Lesinurad in combination with allopurinol: a randomised, double-blind, placebo-controlled study in patients with gout with inadequate response to standard of care (the multinational CLEAR 2 study)

Objectives Determine the efficacy and safety of daily lesinurad (200 or 400 mg orally) added to allopurinol in patients with serum uric acid (sUA) above target in a 12-month, randomised, phase III trial. Methods Patients on allopurinol >= 300 mg (>= 200 mg in moderate renal impairment) had sUA level of >= 6.5 mg/dL (>= 387 mu mol/L) at screening and two or more gout flares in the prior year. Primary end point was the proportion of patients achieving sUA level of < 6.0 mg/dL (< 357 mu mol/L) (month 6). Key secondary end points were mean gout flare rate requiring treatment (months 7 through 12) and proportions of patients with complete resolution of one or more target tophi (month 12). Safety assessments included adverse events and laboratory data. Results Patients (n= 610) were predominantly male, with mean (+/-SD) age 51.2+/-10.90 years, gout duration 11.5+/-9.26 years and baseline sUA of 6.9+/-1.2 mg/dL (410+/-71 mmol/L). Lesinurad at 200 and 400 mg doses, added to allopurinol, significantly increased proportions of patients achieving sUA target versus allopurinol-alone therapy by month 6 (55.4%, 66.5% and 23.3%, respectively, p< 0.0001 both lesinurad+allopurinol groups). In key secondary end points, there were no statistically significant treatment-group differences favouring lesinurad. Lesinurad was generally well tolerated; the 200 mg dose had a safety profile comparable with allopurinol-alone therapy.
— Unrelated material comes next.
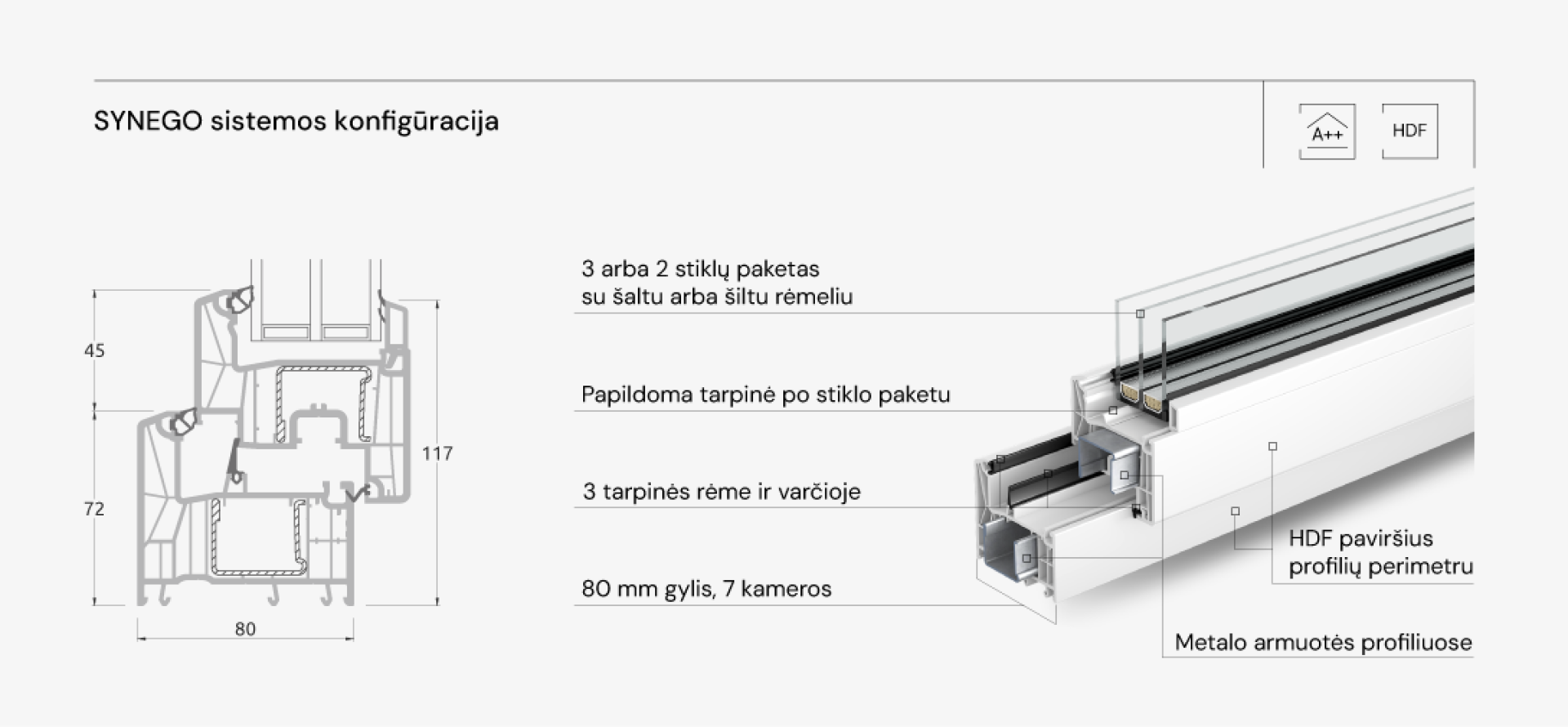 SYNEGO sistemai naudojami REHAU profilai. Tai 7 kamerų, 80 mm gylio, 3 tarpinių plastiko (PVC) sistema, pasižyminti aukštu energiniu efektyvumu ir aukštais sandarumo parametrais. Su šia sistema galima viršyti aukščiausiai A++ energinio naudingumo klasei keliamus šiluminio laidumo reikalavimus (Uw – 0,71²) bei atitikti pasyvaus namo standartą.

Renal-related adverse events occurred in 5.9% of lesinurad 200 mg + allopurinol, 15.0% of lesinurad 400 mg+ allopurinol and 4.9% of allopurinol-alone groups, with serum creatinine elevation of >= 1.5x baseline in 5.9%, 15.0% and 3.4%, respectively. Serious treatment-emergent adverse events occurred in 4.4% of lesinurad 200 mg + allopurinol, in 9.5% of lesinurad 400 mg+ allopurinol and in 3.9% of allopurinol-alone groups, respectively. Conclusion Lesinurad added to allopurinol demonstrated superior sUA lowering versus allopurinolalone therapy and lesinurad 200 mg was generally well tolerated in patients with gout warranting additional therapy.